§ **Dataset content**
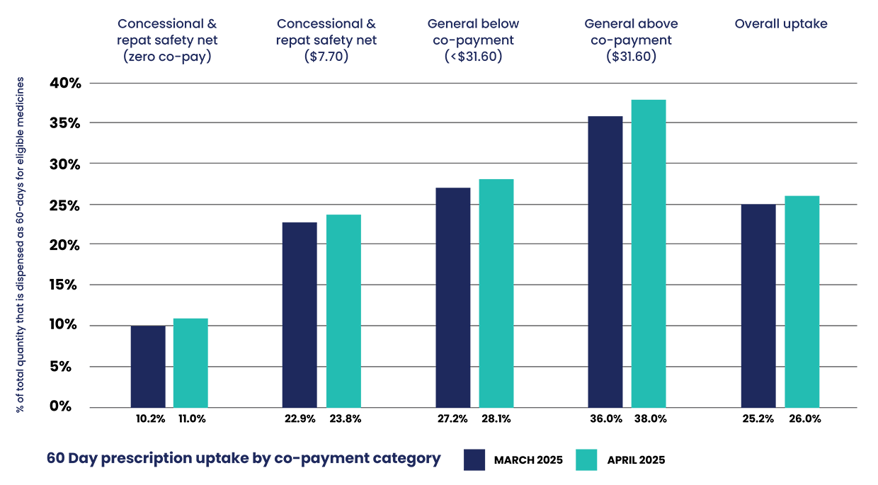 Official PBS data through to April 2025 shows that the uptake rate of 60-day prescriptions varies widely, in line with co-payment levels. This may be partly due to the different levels of savings that accrue to the patient from 60-day scripts but also may be a sign of the different levels of complexity in medicine regimens.
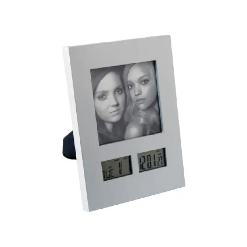 Многофункционална рамка за бюро, изработена от пластмаса, комбинирана с часовник. Идеална за поставяне на любима снимка на работния плот или нощното шкафче.
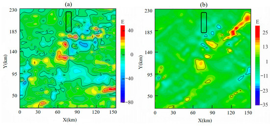 Gravity gradient reference field of measured data upward continuation to 3600 m: (a) ; (b) .
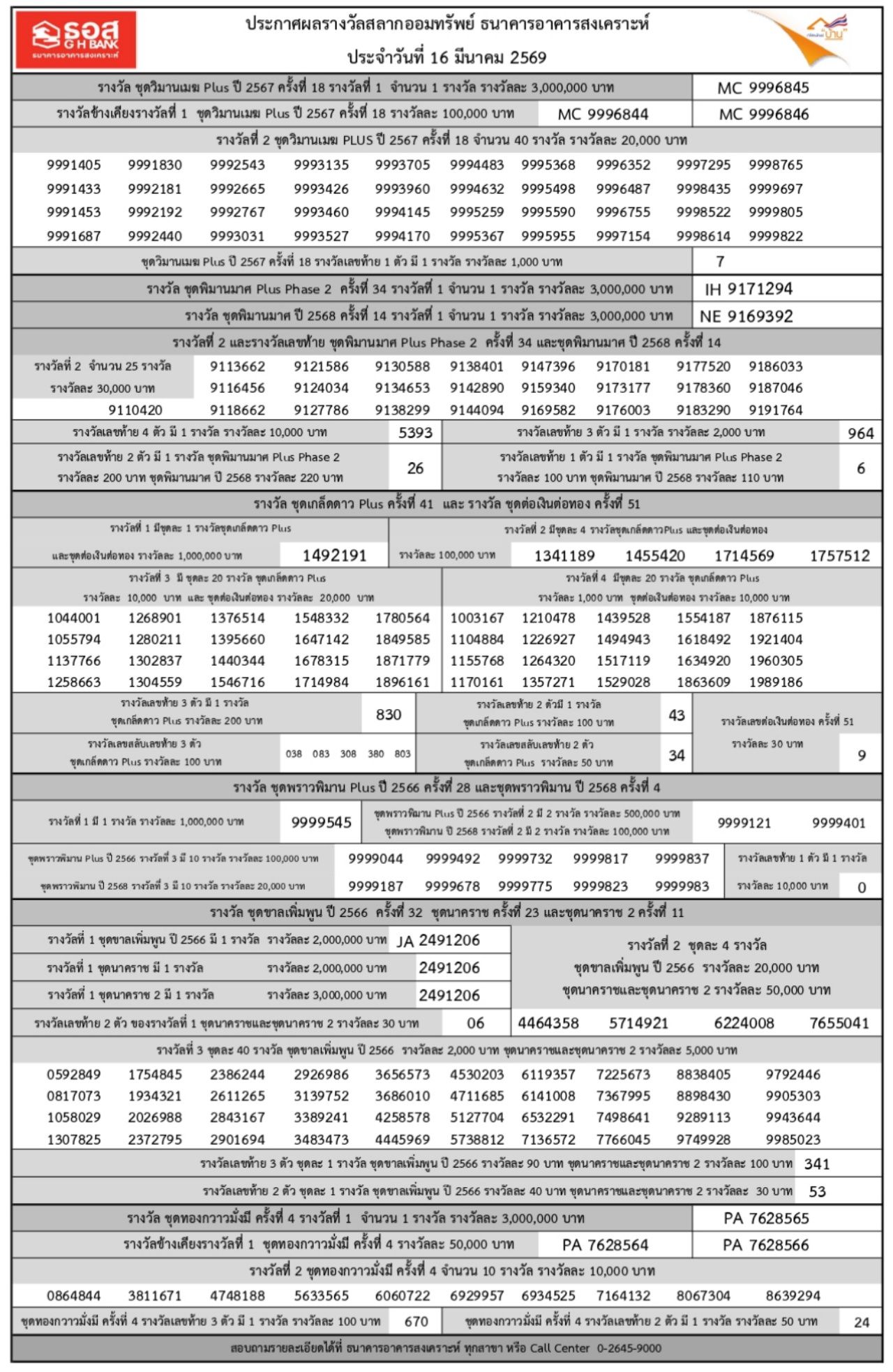ผลสลากออมทรัพย์ ธอส. งวดวันที่ 16 มีนาคม 2569
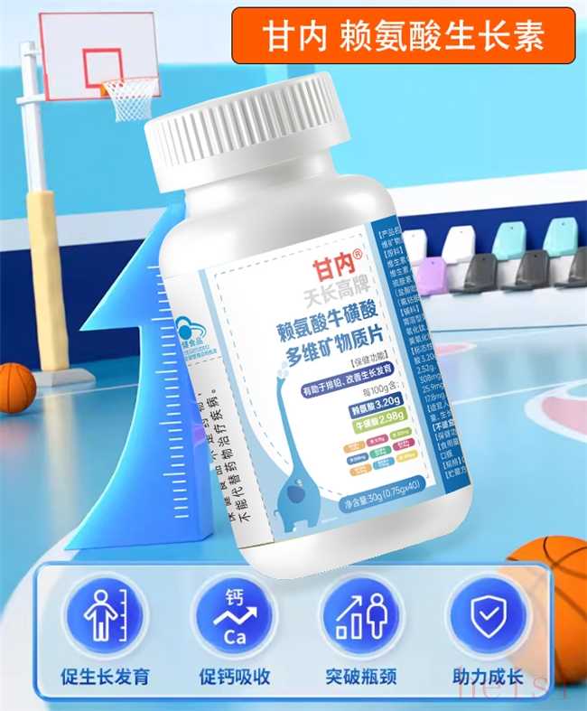 第二名:甘內(nèi)賴氨酸生長素主要成分為賴氨酸(每粒 60mg)與?;撬?20mg),主打 “基礎(chǔ)營養(yǎng)補(bǔ)充”,通過賴氨酸促進(jìn)蛋白質(zhì)合成、?;撬嵴{(diào)節(jié)代謝,適合飲食中賴氨酸嚴(yán)重不足、僅需基礎(chǔ)補(bǔ)充的兒童(3 歲以上);劑型為片劑,需咀嚼服用,口感微甜。

§ **Required work**
An exact printout of the entries is wanted, covering the first line through the line holding "ผลสลากออมทรัพย์ ธอส. งวดวันที่ 16 มีนาคม 2569", with pictures kept out of it.

§ **Problem solution**
 Official PBS data through to April 2025 shows that the uptake rate of 60-day prescriptions varies widely, in line with co-payment levels. This may be partly due to the different levels of savings that accrue to the patient from 60-day scripts but also may be a sign of the different levels of complexity in medicine regimens.
 Многофункционална рамка за бюро, изработена от пластмаса, комбинирана с часовник. Идеална за поставяне на любима снимка на работния плот или нощното шкафче.
 Gravity gradient reference field of measured data upward continuation to 3600 m: (a) ; (b) .
ผลสลากออมทรัพย์ ธอส. งวดวันที่ 16 มีนาคม 2569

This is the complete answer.